• [How to complete this task]: Ignoring every picture, transcribe the data in full as it stands.

• [Source data]:
= = = =
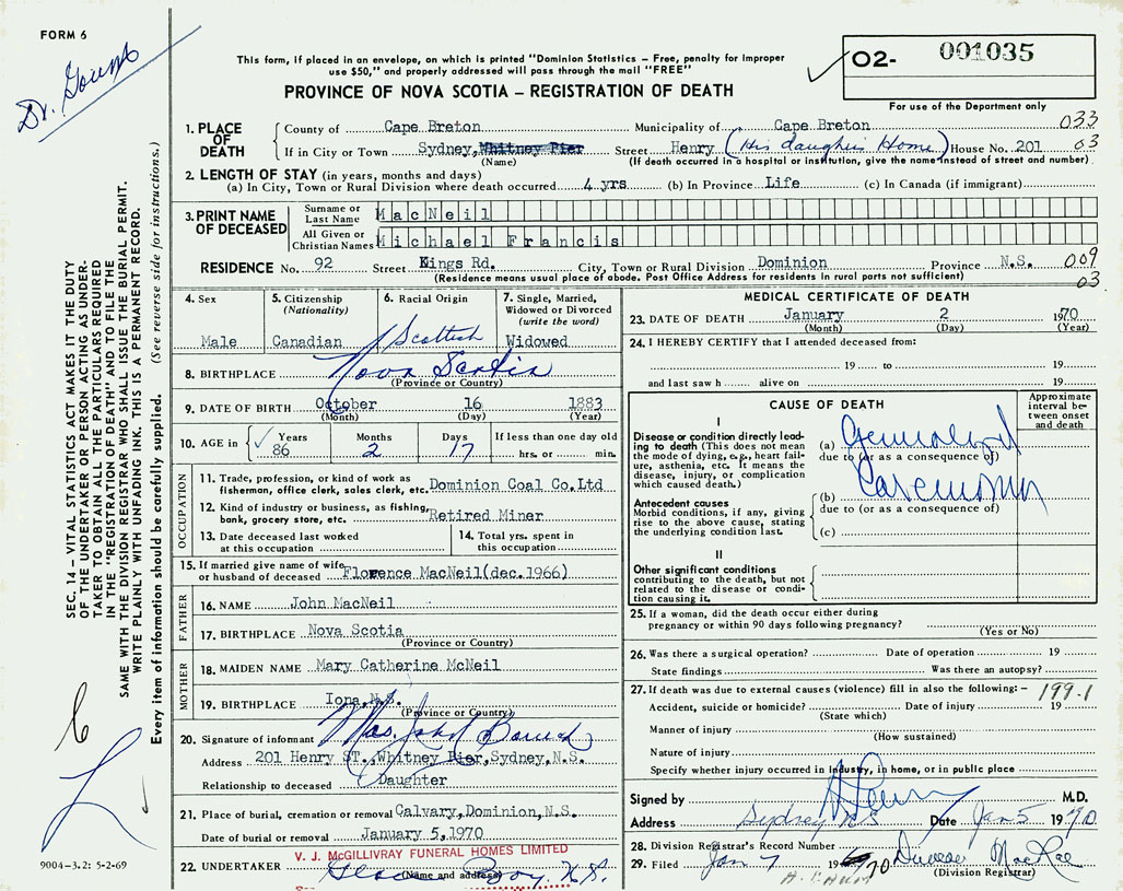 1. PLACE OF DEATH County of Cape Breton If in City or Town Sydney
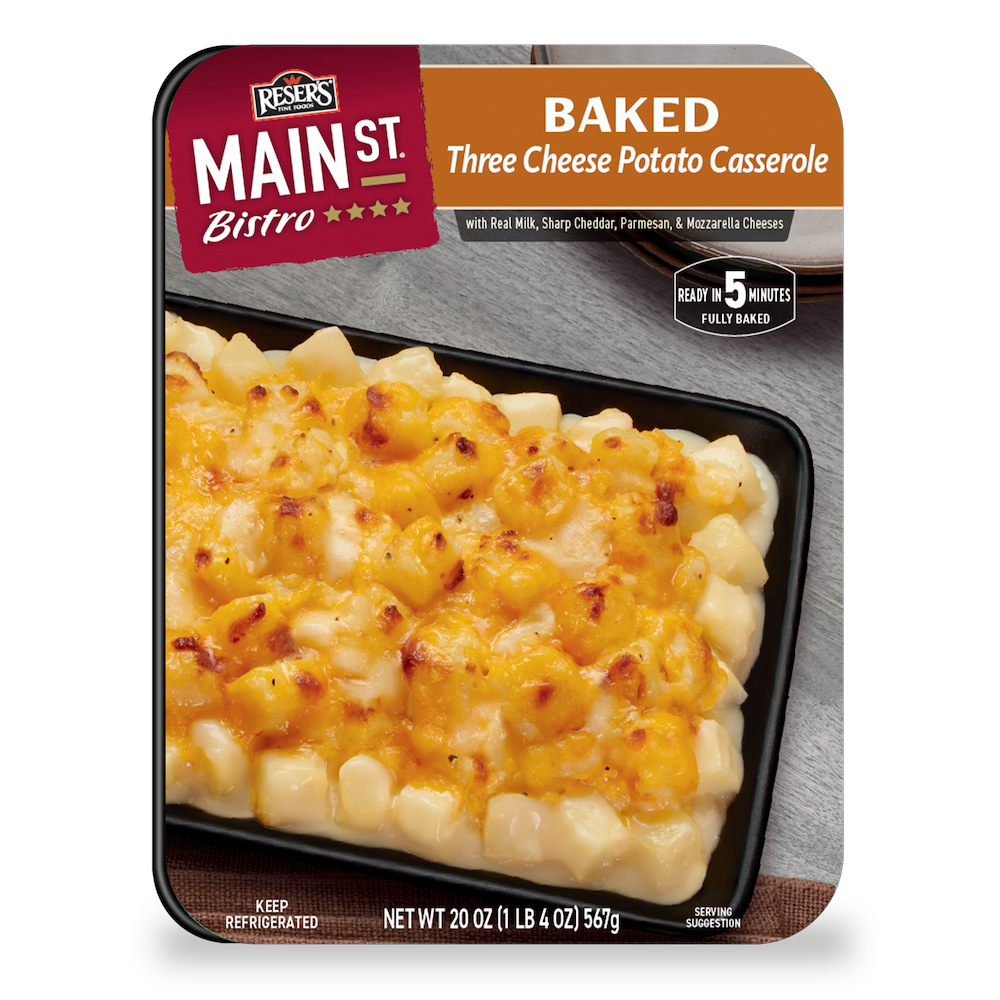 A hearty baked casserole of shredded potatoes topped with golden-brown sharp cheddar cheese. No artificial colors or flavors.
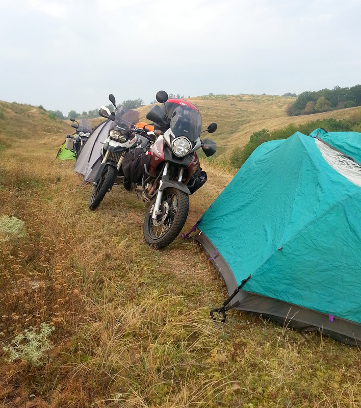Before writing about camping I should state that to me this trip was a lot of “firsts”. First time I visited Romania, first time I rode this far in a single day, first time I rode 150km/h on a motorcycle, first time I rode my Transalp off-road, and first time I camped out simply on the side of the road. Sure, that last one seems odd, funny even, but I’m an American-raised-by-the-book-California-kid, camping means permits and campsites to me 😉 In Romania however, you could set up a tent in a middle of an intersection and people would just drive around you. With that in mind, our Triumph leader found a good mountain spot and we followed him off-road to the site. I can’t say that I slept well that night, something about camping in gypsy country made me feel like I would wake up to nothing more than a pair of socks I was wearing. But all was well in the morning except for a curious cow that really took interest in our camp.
= = = =
• [Answer box]:
 1. PLACE OF DEATH County of Cape Breton If in City or Town Sydney
 A hearty baked casserole of shredded potatoes topped with golden-brown sharp cheddar cheese. No artificial colors or flavors.
Before writing about camping I should state that to me this trip was a lot of “firsts”. First time I visited Romania, first time I rode this far in a single day, first time I rode 150km/h on a motorcycle, first time I rode my Transalp off-road, and first time I camped out simply on the side of the road. Sure, that last one seems odd, funny even, but I’m an American-raised-by-the-book-California-kid, camping means permits and campsites to me 😉 In Romania however, you could set up a tent in a middle of an intersection and people would just drive around you. With that in mind, our Triumph leader found a good mountain spot and we followed him off-road to the site. I can’t say that I slept well that night, something about camping in gypsy country made me feel like I would wake up to nothing more than a pair of socks I was wearing. But all was well in the morning except for a curious cow that really took interest in our camp.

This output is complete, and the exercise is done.